Proc SQL merge (see Appendix A for syntax)
The lists of codes to be flagged were imported from Excel tab-by-tab, and a flag variable was added corresponding to each code. The imported lists were then combined into a single SAS file. This file was matched on all 27 proc variables and 26 DX variables in the data file using JOIN. Variants were tested with various Where statements (for example, requiring that the proc/DX variables in the data file must not be blank, in an effort to avoid the time needed to match blanks to the flag file). The Where statements had little to no effect. The resulting output file was approximately 133GB.
IMPORTANT NOTE: During testing, some slight discrepancies in flag frequencies (< 0.5%) were discovered between the Proc SQL and Array versions. In each occurrence, the Proc SQL version failed to flag a small number of cases that were flagged in the array version. Manual review confirmed these cases should have been flagged. These discrepancies were apparently due to SAS running out of memory during the merge, even though less than half of the computer’s RAM was in use. SAS did not provide any error messages or even warnings about this in the log. By default, SAS only uses 2GB of RAM. Increasing the RAM corrected the frequency issue, but did not have a notable impact on processing speed. See Appendix D for discussion of this issue and how to correct it.
Here are typical results:
real time 28:08:32.61
cpu time 7:24:39.17
Data step Array (see Appendix B for syntax)
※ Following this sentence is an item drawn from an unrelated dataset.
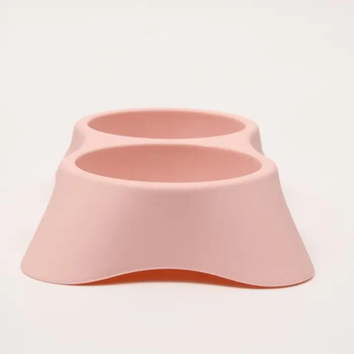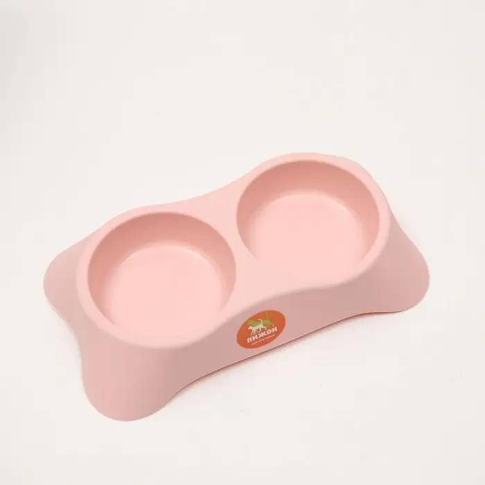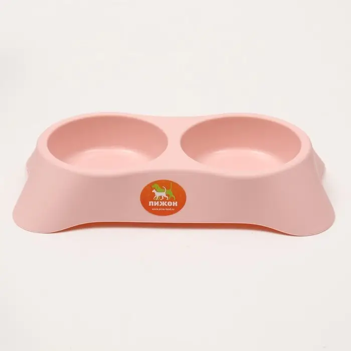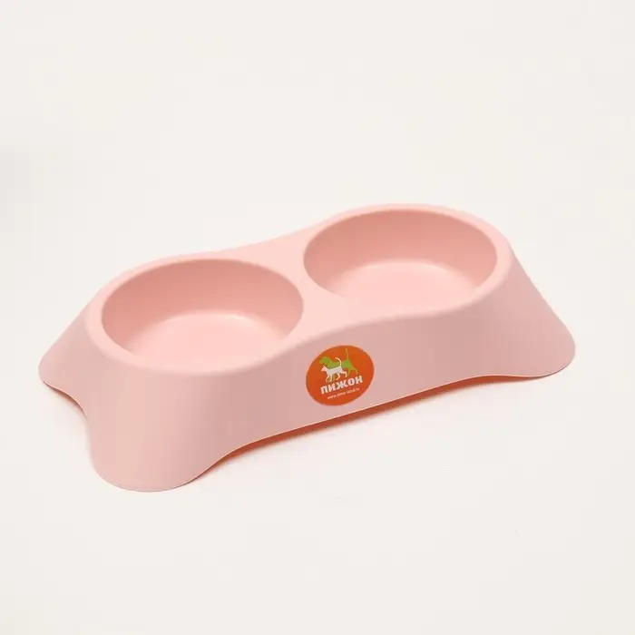 Миска пластиковая двойная, 28 х 16 х 5 см, розовая

The lists of codes to be flagged are imported into list variables. Each tab has 2 list variables, one for proc and one for DX codes. An array is then used to compare all proc variables in the data file to the proc list variables, and a similar array is used for DX variables. The resulting output file is approximately 159GB.
real time 13:07:03.42
cpu time 12:53:12.39
A variant was tested that included a command to delete records for which all flags = 0. This variant saved over 2 hours of processing time. The resulting output file was approximately 142GB.
real time 10:47:45.35
cpu time 10:43:20.82
Data step Hash (see Appendix C for syntax)
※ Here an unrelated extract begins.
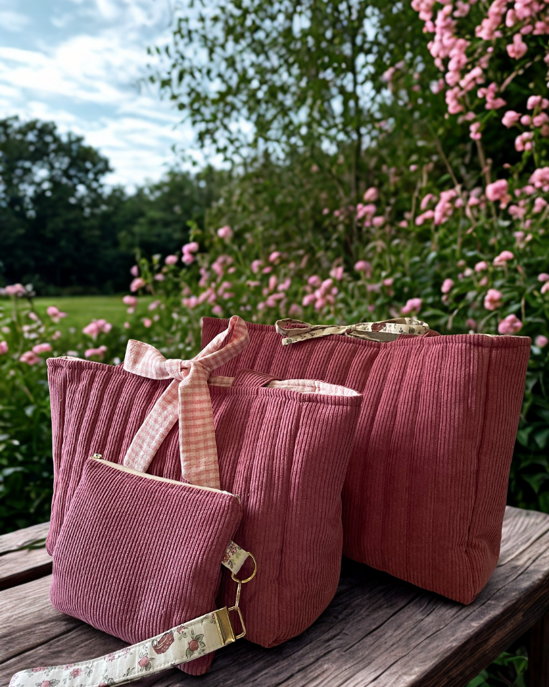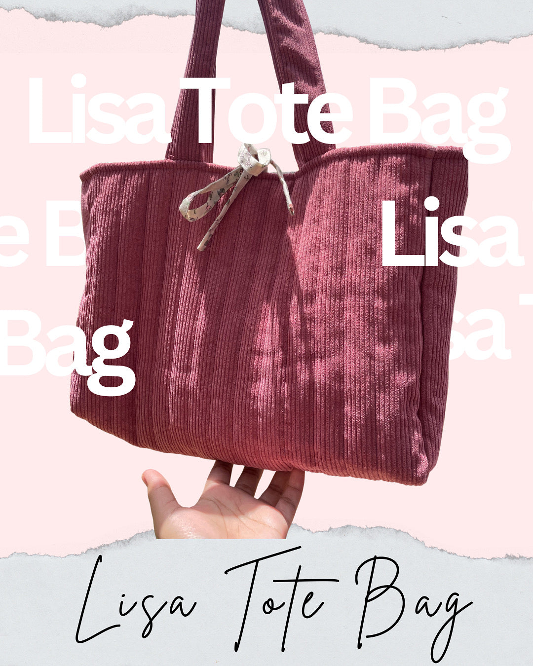 Lisa Tote Bag in Pink Corduroy

The lists of codes to be flagged are imported from Excel tab-by-tab, and a flag variable is added corresponding to each code. The imported lists are then combined into a single SAS file. A hash is created for proc codes and another is created for DX codes. An array then uses the proc hash to compare all proc variables in the data file to the proc list variables, and a similar array is used for DX variables. The resulting output file was approximately 320GB.
real time 4:06:06.53
cpu time 39:04.64
NOTE: There were some discrepancies in the frequency output (hash vs array), similar to (though less severe than) the discrepancies in the original Proc SQL output. Again, this seems to be related to SAS running out of memory. However, in this case the memory issues probably occurred during the step to find the max of each flag, rather than during the merge itself.
DISCUSSION
The clear winner in terms of real processing time was the hash approach. However, there are some drawbacks to this approach as well. The output file size was more than twice as large as the other two approaches. This not only requires more hard drive space, but it also results in longer processing times for subsequent steps. For example, the next step in the testing SAS program was a Proc SQL designed to find the max of each flag variable grouped by patient ID. This step took much longer than it did with the other approaches – so much so that it not only negated the increased processing speed for the flag merge, it actually took longer overall than the Proc SQL approach! On the other hand, this may not be an issue in other programs with less-complicated downstream steps.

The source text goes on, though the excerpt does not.